* _What you have to do_: Only a number is expected here: the count of lines in this data where "Logroño" occurs.

#####

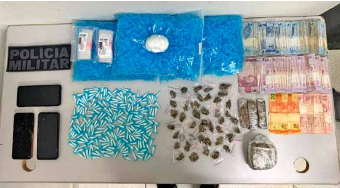
Drogas, dinheiro e materiais usados no preparo dos entorpecentes apreendidos pela Polícia Militar no Jardim São José

Segundo o registro, o suspeito já possui antecedentes criminais por delitos previstos na Lei de Drogas (Lei nº 11.343/06). Diante dos fatos, ele recebeu voz de prisão em flagrante e foi encaminhado à Polícia Civil. A autoridade de plantão ratificou a prisão, e o acusado permaneceu à disposição da Justiça.
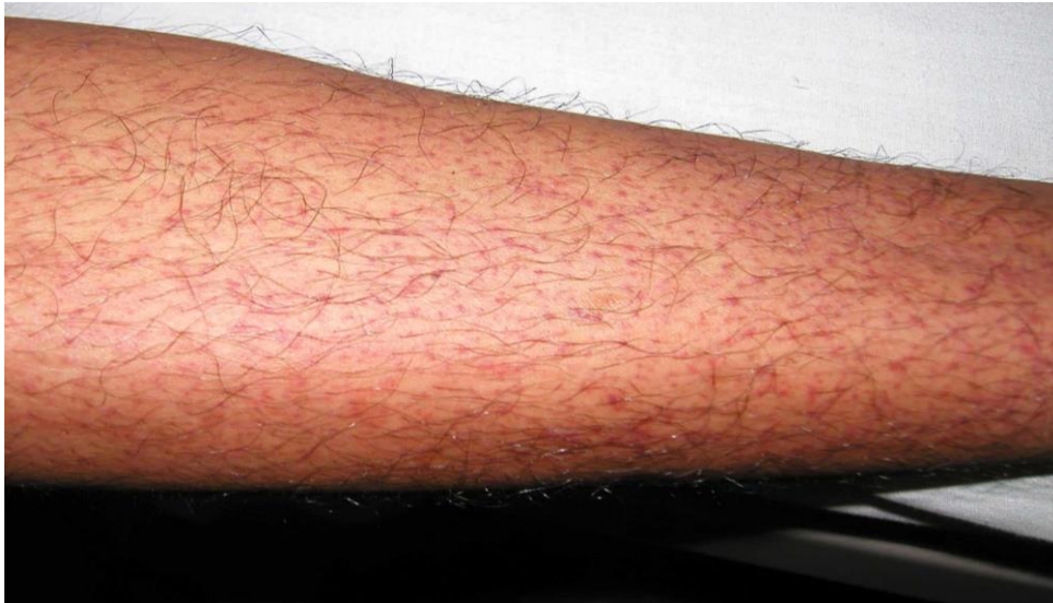
図 1. デング熱患者の発疹：解熱時期にみられた点状出血
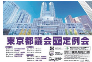
都議会開会告知ポスター

新年度予算を中心に知事提出議案116件など審査。漢人は、一般会計予算、東京2020大会レガシー基金関係など知事提出のうち17件に反対しました。
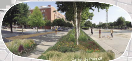
Carrer de Pius XII
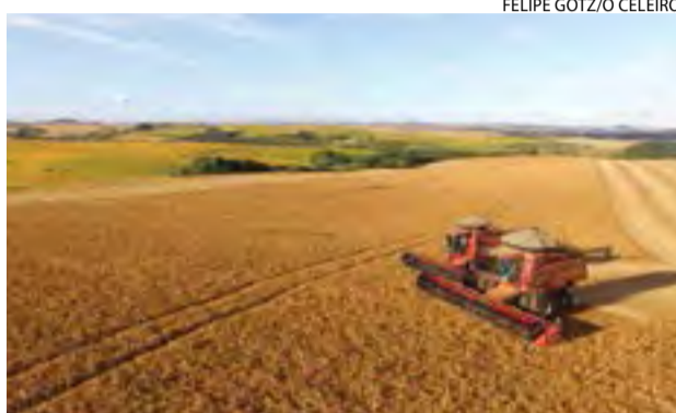
FELIPE GÓTZ/O CELEIRO

Em março, a saca de 60 kg de milho em Santa Ca-
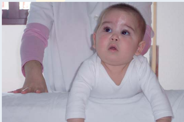
Sesión a usuario de Atención Temprana

La iniciativa, pionera en Andalucía, está siendo valorada de forma muy positiva por las familias y supone, para los profesionales de los CAIT, una herramienta muy eficaz en su trabajo.
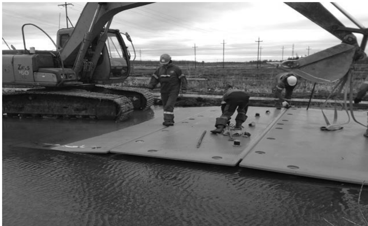
Рисунок 3 – Мобільне дорожнє покриття "МОБІСТЕК" [5]

Полімерні дорожні плити [6] - застосовують для створення покриття автомобільних доріг різної прохідності з метою забезпечення безпечного руху транспортних засобів протягом тривалого часу. Вони представляють собою елементи функціонально пов'язаних штучних інженерних споруд. Полімерні дорожні плити монолітні або збірні можуть бути різних розмірів і конфігурації. Поверхня плит, яка контактує з колесами транспортних засобів має необхідне зчеплення, пружність та опірність до стирання. Такі дорожні плити є універсальними конструкціями дорожнього одягу та дозволяють в мінімальні терміни створювати дороги, що підходять для руху різних видів транспорту, у тому числі і важкої техніки. Їх можна використовувати у складних кліматичних
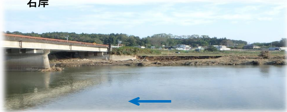
左岸から右岸を望む
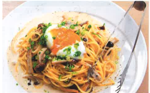
ゆったりとした店内でゆっくりとくつろいでいただけます

ちょっとした記念日や大切な人と行くときのお店としてブランブランをぜひご利用下さい。大切な食事のときには御予約をお勧めいたします。
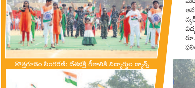
కొత్తగూడెం సింగరేణి: దేశభక్తి గీతానికీ విద్యార్థుల డ్యాన్స్
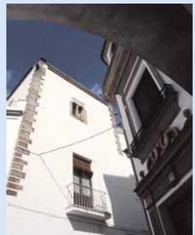
Palacio del Bachiller Juan M. de Logroño

Palacio del Bachiller Juan Martínez de Logroño. Es obra del siglo XV, con una hermosa ventana donde se aprecian sus escudos nobiliarios.
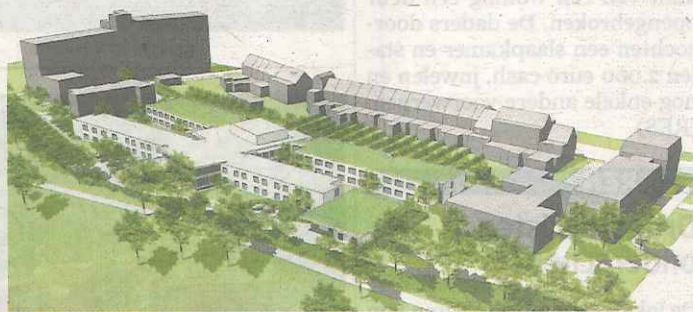
De zorgcampus Zonnestraat wordt heringericht en krijgt twee extra vleugels.

Het OCMW hoopt volgend jaar te starten met de eerste werken zodat in 2014 de eerste voorzieningen in gebruik kunnen genomen worden. De vergunning van campus Zonnestraat verloopt namelijk dat jaar. Het totale plan zal ongeveer 38 miljoen euro kosten. Het OCMW en de stad hopen om ongeveer vijftig procent te incasseren via subsidies van de Vlaamse overheid.

#####

* _Result below_: 2